トップ>労務・人事>企業主導型保育事業。自社で

小さな会社の使い方 作らなくても 共同利用できる。 複数企業での共同設置・共同利用が認められています 地域枠の上限 定員の50% 従業員枠以外に設定できる割合

企業主導型保育事業。自社で作らなくても、共同利用で枠を確保できます

結論

企業主導型保育事業は、子ども・子育て拠出金を負担している企業が従業員のための保育施設を設置する場合に、整備費と運営費の助成を受けられる制度です。認可外保育施設でありながら認可施設並みの助成があり、保育料も認可保育所並みに設定できます。

従業員10人の会社が自前で保育所を作るのは現実的ではありません。しかしこの制度には複数企業による共同設置・共同利用という仕組みがあります。他社が設置した施設に「共同利用企業」として参加すれば、従業員枠を確保できます。小さな会社にとっての入口はここです。

制度の仕組み

企業主導型保育事業の概要(こども家庭庁・児童育成協会の公表内容)
項目内容
所管こども家庭庁(実施機関は児童育成協会)
対象事業主子ども・子育て拠出金を負担している事業主
施設の位置づけ認可外保育施設(届出が必要)
地域枠利用定員の50%以内で設定できる
共同利用複数企業による共同設置・共同利用が可能
助成整備費・運営費について認可施設並み

共同利用という選択肢

  1. 設置企業を探す…近隣に企業主導型保育施設があるかを確認します。児童育成協会のポータルサイトで助成決定一覧が公開されています
  2. 共同利用契約を結ぶ…設置企業と共同利用に関する契約を締結します。利用できる枠数、保育料の負担、期間などを取り決めます
  3. 従業員に周知する…利用できる制度として社内に案内します
  4. 従業員が直接申し込む…自治体を通さず、施設と利用者が直接契約する形です

助成の内容

検討するときの論点

この制度は「企業が保育所を作る制度」として紹介されることが多く、小規模事業者には縁がないと思われがちです。しかし共同利用という仕組みがあるため、設置せずに枠だけ確保する道があります。近隣に施設があるかどうかで実現可能性が決まるので、まずポータルサイトで所在地を確認するのが現実的な第一歩です。

よくある質問

Q従業員が少ない会社でも使えますか

使えます。
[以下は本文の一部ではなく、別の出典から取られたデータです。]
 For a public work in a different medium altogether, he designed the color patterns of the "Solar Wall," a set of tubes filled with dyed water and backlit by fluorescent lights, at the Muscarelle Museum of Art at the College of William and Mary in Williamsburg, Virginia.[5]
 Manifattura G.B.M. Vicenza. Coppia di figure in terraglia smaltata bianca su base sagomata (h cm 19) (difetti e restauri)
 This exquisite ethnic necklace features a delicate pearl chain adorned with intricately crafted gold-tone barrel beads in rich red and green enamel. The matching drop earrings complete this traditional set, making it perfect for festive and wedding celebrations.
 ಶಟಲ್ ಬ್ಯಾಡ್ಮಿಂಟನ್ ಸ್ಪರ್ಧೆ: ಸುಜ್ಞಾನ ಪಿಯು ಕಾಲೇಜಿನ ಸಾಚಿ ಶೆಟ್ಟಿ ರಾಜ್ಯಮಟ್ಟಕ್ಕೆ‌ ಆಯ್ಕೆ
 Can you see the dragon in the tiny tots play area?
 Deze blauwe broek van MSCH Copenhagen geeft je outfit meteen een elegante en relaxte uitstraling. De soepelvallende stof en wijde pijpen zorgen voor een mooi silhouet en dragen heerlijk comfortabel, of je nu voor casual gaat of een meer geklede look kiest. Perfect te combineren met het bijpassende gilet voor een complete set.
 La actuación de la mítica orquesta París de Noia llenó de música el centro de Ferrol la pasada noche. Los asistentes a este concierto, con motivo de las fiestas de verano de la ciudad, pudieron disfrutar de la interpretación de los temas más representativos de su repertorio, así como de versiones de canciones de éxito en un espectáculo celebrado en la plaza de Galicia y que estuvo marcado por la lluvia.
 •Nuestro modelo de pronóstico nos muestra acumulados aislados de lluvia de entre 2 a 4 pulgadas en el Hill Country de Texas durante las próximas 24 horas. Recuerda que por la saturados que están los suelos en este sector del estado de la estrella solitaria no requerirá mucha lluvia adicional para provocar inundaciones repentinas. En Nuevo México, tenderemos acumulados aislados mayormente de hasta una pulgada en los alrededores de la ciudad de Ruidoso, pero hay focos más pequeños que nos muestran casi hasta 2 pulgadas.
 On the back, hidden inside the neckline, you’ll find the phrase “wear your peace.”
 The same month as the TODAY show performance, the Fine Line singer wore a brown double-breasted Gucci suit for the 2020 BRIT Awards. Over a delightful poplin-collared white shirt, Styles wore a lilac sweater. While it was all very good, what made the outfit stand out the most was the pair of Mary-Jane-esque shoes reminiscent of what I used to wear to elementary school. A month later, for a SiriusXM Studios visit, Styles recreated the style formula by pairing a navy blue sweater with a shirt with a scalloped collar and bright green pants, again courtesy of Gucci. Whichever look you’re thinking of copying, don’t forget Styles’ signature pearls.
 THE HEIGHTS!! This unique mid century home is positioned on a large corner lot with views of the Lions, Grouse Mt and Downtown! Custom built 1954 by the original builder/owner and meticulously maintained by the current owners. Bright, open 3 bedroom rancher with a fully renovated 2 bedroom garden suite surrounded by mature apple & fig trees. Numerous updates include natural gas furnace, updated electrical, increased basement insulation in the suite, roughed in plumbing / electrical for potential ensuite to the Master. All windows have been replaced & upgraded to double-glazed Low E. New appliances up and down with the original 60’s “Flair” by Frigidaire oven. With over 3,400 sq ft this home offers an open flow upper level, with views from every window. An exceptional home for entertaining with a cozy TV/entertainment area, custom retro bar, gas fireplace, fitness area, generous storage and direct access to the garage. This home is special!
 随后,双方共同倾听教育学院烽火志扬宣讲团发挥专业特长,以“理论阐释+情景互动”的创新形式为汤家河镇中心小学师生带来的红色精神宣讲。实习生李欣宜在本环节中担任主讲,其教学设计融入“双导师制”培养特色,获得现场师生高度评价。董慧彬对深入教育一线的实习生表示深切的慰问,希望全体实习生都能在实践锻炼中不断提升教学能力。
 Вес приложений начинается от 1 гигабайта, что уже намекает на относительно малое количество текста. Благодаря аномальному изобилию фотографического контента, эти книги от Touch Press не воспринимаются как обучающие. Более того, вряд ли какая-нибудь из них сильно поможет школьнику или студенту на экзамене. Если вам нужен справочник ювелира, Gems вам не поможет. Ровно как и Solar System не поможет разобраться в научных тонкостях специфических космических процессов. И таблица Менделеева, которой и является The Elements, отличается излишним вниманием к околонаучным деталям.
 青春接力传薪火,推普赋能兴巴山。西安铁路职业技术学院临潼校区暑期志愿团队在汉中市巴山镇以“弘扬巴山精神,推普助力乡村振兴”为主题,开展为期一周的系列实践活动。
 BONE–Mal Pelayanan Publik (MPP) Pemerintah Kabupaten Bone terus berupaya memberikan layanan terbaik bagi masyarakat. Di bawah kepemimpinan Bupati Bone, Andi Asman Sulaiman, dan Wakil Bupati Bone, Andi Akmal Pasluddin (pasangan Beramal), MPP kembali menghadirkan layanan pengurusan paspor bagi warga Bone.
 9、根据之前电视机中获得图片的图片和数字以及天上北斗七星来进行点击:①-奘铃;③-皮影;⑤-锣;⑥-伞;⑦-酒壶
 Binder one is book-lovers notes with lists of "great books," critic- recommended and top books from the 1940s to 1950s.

子ども・子育て拠出金を負担していれば従業員数の要件はなく、複数企業による共同利用という仕組みもあるため、自社で設置しなくても従業員枠を確保できます。

Q地域枠はどのくらい設定できますか

利用定員の50%以内です。従業員の子ども以外を受け入れる枠として設定します。

Q助成はいくら出ますか

整備費は人口密度区分と定員区分による基準額から算出した基本単価と、対象工事費用の4分の3を比較して低いほうの額です。運営費は定員や年齢、開所時間に応じて認可施設並みに算定されます。

Q認可保育所と両方申し込めますか

できます。企業主導型は施設との直接契約で自治体の利用調整を経ないため、認可保育所の選考結果を待ちながら確保しておく使い方があります。

まとめ

この記事の要点

① 対象は子ども・子育て拠出金を負担している事業主。従業員数の要件はない。
複数企業による共同設置・共同利用が可能。小さな会社は共同利用から検討する。
地域枠は利用定員の50%以内。それ以外が従業員枠。
④ 助成は整備費(工事費の4分の3が上限)と運営費(認可施設並み)。共同利用企業には出ない。
自治体の利用調整を経ない直接契約。認可保育所との併願ができる。

この記事は2026年7月31日時点の法令・公開情報および当サイトで実測した料金に基づいています。制度・料金は変わることがあります。許認可・登記・税務の個別判断は、所管庁・専門家にご確認ください。本記事は論点の整理であり、法的助言ではありません。